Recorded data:
= = =
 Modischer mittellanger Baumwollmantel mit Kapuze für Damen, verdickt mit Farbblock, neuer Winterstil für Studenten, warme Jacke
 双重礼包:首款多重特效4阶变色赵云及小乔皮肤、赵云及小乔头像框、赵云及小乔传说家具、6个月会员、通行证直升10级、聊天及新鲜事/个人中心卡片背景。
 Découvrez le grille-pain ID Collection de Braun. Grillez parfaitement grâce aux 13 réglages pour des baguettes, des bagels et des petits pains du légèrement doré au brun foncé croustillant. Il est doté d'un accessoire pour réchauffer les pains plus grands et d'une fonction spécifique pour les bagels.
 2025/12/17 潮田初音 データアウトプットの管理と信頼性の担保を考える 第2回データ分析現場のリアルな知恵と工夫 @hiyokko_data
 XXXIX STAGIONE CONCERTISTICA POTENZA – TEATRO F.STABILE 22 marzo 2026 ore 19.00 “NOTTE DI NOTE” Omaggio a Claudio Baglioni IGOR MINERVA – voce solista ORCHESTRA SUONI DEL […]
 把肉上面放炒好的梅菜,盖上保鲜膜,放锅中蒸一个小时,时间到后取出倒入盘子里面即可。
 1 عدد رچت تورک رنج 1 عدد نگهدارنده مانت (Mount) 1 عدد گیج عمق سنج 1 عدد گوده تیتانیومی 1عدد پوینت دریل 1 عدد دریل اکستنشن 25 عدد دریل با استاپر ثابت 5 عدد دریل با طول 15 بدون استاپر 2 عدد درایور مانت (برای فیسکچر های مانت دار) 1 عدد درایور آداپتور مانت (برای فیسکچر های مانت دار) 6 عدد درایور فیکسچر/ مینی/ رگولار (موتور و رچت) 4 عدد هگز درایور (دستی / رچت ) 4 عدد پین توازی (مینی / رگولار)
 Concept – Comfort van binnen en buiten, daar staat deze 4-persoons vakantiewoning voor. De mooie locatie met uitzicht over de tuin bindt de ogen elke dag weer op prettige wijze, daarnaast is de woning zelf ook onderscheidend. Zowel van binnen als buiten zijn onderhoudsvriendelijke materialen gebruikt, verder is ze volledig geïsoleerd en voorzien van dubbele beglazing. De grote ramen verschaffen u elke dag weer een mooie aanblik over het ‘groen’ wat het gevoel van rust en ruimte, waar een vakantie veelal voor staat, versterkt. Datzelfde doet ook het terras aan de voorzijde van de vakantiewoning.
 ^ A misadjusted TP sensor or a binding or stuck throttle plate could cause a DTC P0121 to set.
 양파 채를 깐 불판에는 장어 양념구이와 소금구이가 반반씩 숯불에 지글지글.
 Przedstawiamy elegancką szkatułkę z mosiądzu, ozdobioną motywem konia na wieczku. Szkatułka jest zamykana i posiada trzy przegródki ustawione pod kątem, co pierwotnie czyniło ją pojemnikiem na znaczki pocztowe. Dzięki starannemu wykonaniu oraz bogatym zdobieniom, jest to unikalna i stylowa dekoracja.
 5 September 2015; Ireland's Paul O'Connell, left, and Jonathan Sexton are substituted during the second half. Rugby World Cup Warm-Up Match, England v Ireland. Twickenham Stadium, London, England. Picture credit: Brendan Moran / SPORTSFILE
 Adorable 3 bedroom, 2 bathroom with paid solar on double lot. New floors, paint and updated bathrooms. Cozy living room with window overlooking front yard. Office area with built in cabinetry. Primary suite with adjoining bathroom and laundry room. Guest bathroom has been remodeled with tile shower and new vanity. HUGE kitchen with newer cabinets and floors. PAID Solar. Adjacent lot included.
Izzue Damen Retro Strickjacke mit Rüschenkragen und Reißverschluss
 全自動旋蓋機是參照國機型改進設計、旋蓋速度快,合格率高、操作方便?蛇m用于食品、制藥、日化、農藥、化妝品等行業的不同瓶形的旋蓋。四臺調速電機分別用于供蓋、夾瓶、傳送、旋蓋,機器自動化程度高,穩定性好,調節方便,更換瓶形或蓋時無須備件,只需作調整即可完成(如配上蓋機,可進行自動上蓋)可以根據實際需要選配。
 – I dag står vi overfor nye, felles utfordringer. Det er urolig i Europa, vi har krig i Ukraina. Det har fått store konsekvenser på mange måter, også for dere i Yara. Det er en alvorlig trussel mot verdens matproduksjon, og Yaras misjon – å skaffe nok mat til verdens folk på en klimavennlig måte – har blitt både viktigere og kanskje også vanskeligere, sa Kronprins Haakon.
= = =
Exercise aim =>
Give back the lines of the data exactly as they are written, from the first line through the line containing "1 عدد رچت تورک".

Completed task =>
 Modischer mittellanger Baumwollmantel mit Kapuze für Damen, verdickt mit Farbblock, neuer Winterstil für Studenten, warme Jacke
 双重礼包:首款多重特效4阶变色赵云及小乔皮肤、赵云及小乔头像框、赵云及小乔传说家具、6个月会员、通行证直升10级、聊天及新鲜事/个人中心卡片背景。
 Découvrez le grille-pain ID Collection de Braun. Grillez parfaitement grâce aux 13 réglages pour des baguettes, des bagels et des petits pains du légèrement doré au brun foncé croustillant. Il est doté d'un accessoire pour réchauffer les pains plus grands et d'une fonction spécifique pour les bagels.
 2025/12/17 潮田初音 データアウトプットの管理と信頼性の担保を考える 第2回データ分析現場のリアルな知恵と工夫 @hiyokko_data
 XXXIX STAGIONE CONCERTISTICA POTENZA – TEATRO F.STABILE 22 marzo 2026 ore 19.00 “NOTTE DI NOTE” Omaggio a Claudio Baglioni IGOR MINERVA – voce solista ORCHESTRA SUONI DEL […]
 把肉上面放炒好的梅菜,盖上保鲜膜,放锅中蒸一个小时,时间到后取出倒入盘子里面即可。
 1 عدد رچت تورک رنج 1 عدد نگهدارنده مانت (Mount) 1 عدد گیج عمق سنج 1 عدد گوده تیتانیومی 1عدد پوینت دریل 1 عدد دریل اکستنشن 25 عدد دریل با استاپر ثابت 5 عدد دریل با طول 15 بدون استاپر 2 عدد درایور مانت (برای فیسکچر های مانت دار) 1 عدد درایور آداپتور مانت (برای فیسکچر های مانت دار) 6 عدد درایور فیکسچر/ مینی/ رگولار (موتور و رچت) 4 عدد هگز درایور (دستی / رچت ) 4 عدد پین توازی (مینی / رگولار)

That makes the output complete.